[bushindo]

Here's a challenge. We all know that a magic square is an arrangement of integers from 1 to n² such that the sum on each row, column, and diagonal adds to the same sum. Extend that to three dimension. Using integers 1 to 27, construct a 3x3x3 arrangement so that the sum on each row, column, pillar, and the four main diagonal adds up to the same sum.

1) What is this common sum for the 3x3x3 arrangement?

2) What is this arrangement?

[Guest]

The common sum is 42? 14 goes in the middle and the polar opposites would go around it (1 and 27, 2 and 26, etc.) to add up to 28.

[Guest]

Here's two solutions - I think the magic number will always be 42 and I think they are 162 solutions.

Top Layer:

1 15 26

17 19 6

24 8 10

Middle Layer:

23 7 12

3 14 25

16 21 5

Bottom Layer:

18 20 4

22 9 11

2 13 27

Top Layer:

3 17 22

23 1 18

16 24 2

Middle Layer:

13 21 8

9 14 19

20 7 15

Bottom Layer:

26 4 12

10 27 5

6 11 25

[bushindo]

Here's two solutions - I think the magic number will always be 42 and I think they are 162 solutions.

Top Layer:

1 15 26

17 19 6

24 8 10

Middle Layer:

23 7 12

3 14 25

16 21 5

Bottom Layer:

18 20 4

22 9 11

2 13 27

Top Layer:

3 17 22

23 1 18

16 24 2

Middle Layer:

13 21 8

9 14 19

20 7 15

Bottom Layer:

26 4 12

10 27 5

6 11 25

Nicely done. If you're not too busy, I'd like to know how you approached this problem.

[Guest]

I actually wrote a brute force program with some optimizations.

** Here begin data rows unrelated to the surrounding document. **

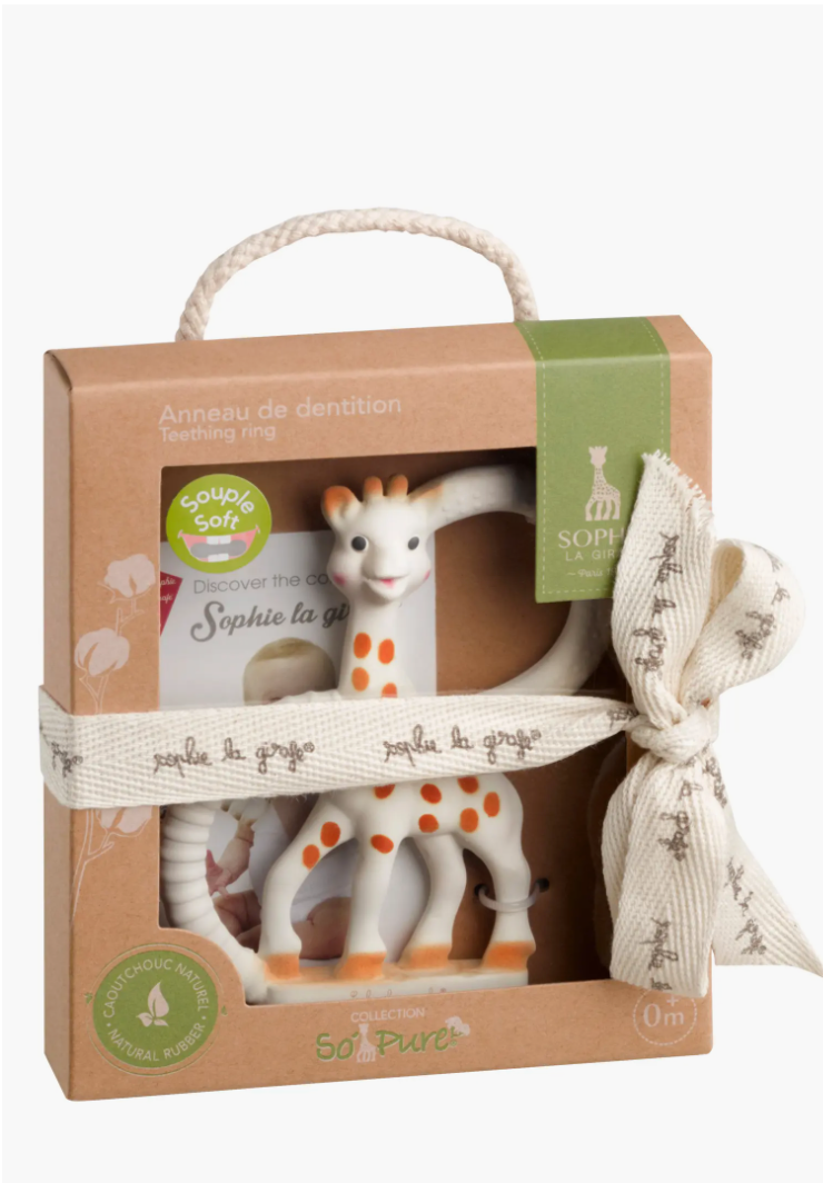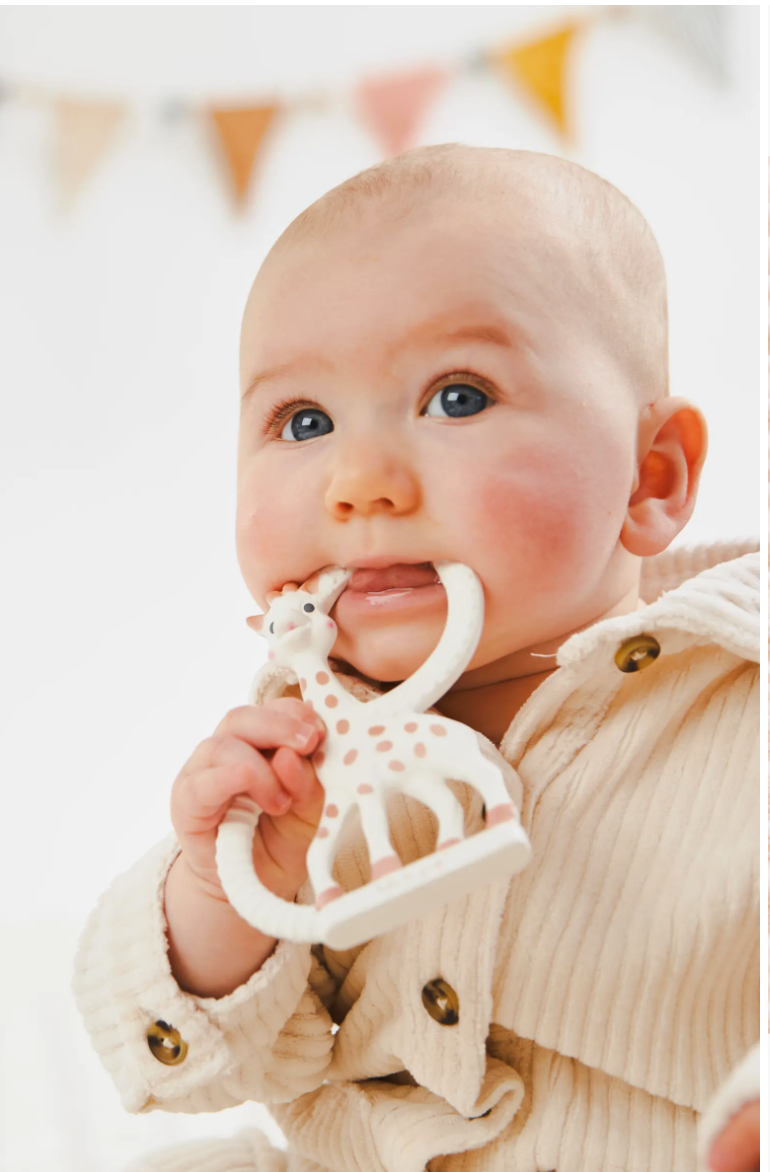 The size and shape of this teether is just right for little hands to hold, while the variety of textures helps soothe painful gums. Born in France in 1961, Sophie the Giraffe has a long history of helping teething babies. Appealing vanilla lightly flavors the natural rubber design detailed with food-grade paint. Suitable from birth.
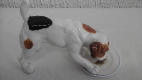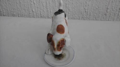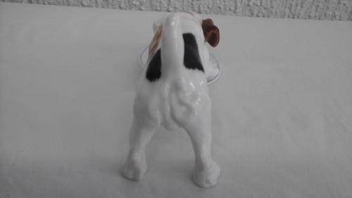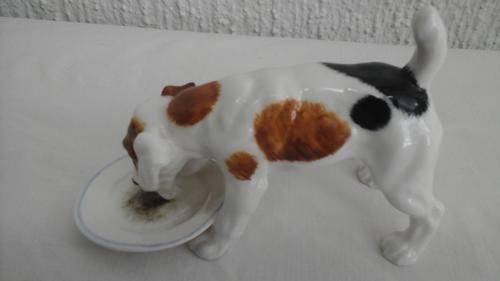 MAGNIFICENT VINTAGE ROYAL DOULTON FIGURINE OF PUPPY LICKING DISH. MADE IN ENGLAND. FROM THE CHARACTER COLLECTION H N 1158 BY CECIL ALDIN. MADE OF FINE BONE CHINA. IT IS SHAPED TO LOOK LIKE A JACK RUSSELL TERRIER WHO IS WHITE IN COLOUR WITH BLACK AND LIGHT BROWN SPOTS ALL OVER IT. HE IS BENDING DOWN AND TIPPING A BOWL OF FOOD, HIS PINK TONGUE IS VISIBLE. HE CAN BE DATED BACK TO APPROXIMATELY 1937 TO 1988. ON THE BOTTOM OF THE PLATE YOU CAN FIND THE "ROYAL DOULTON MADE IN ENGLAND H N. 1158" MARKING IN GREEN. THERE ARE NO CHIPS, CRACKS OR SCRATCHES. MANS BEST FRIEND SEEMS TO BE IN PREFECT CONDITION. IT MEASURES APPROXIMATELY 117 MM LONG, 50 MM WIDE AND 80 MM LONG. IT IS AN ABSOLUTELY ADORABLE COLLECTORS PIECE!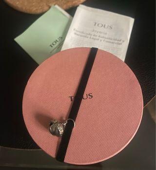 Preciosa caja de regalo TOUS en color rosa, ideal para guardar tus joyas. - Incluye charm de plata. - Cinta negra decorativa.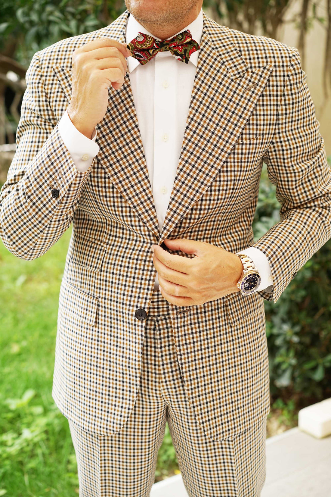 This superb design features a hand-sewn body and detailed paisley pattern; making it a luxurious staple. The intricate floral paisley pattern is met with decadent black, red, green, yellow and light blue highlights for an artistic outlook. Regally designed and constructed with elegance, this Sao Paulo Paisley Red Diamond Pre-Tied Bowtie makes as a knock-out option for your formal events. Wear it to give an accomplished finish to tailored styles. Designed exclusively by the Brothers at OTAA.

This presented an interesting problem because of the size of the state space. I used a recursive backtracking function with two arrays (an array representing unused digits initially containing 1 through 27 in order and an array representing the permutation with index 0 being the top layer top right square, 1 being the top layer top middle square, etc) that generated permutations of size x. At x=3 you calculate the magic number of your current permutation. Then at certain values of x you have enough information to check if the magic cube is valid. For example, when x=6 you can check if middle row of the first layer equals the magic number and at x=18 you can check the top left pillar. If your check succeeds, you just pass the current permutation; the list of unused numbers; and x+1 back into the function. When x=27 you print out the solution. I think the first solution was obtained in 30 minutes. I had about 24 solutions when I killed the program a day later. There were about 6 solutions for permutations starting with 1, 6 for those starting with 2, etc. So I just estimated 6x27=162 but I think that may be off.

I would love to here a way to solve this without using an exhaustive search.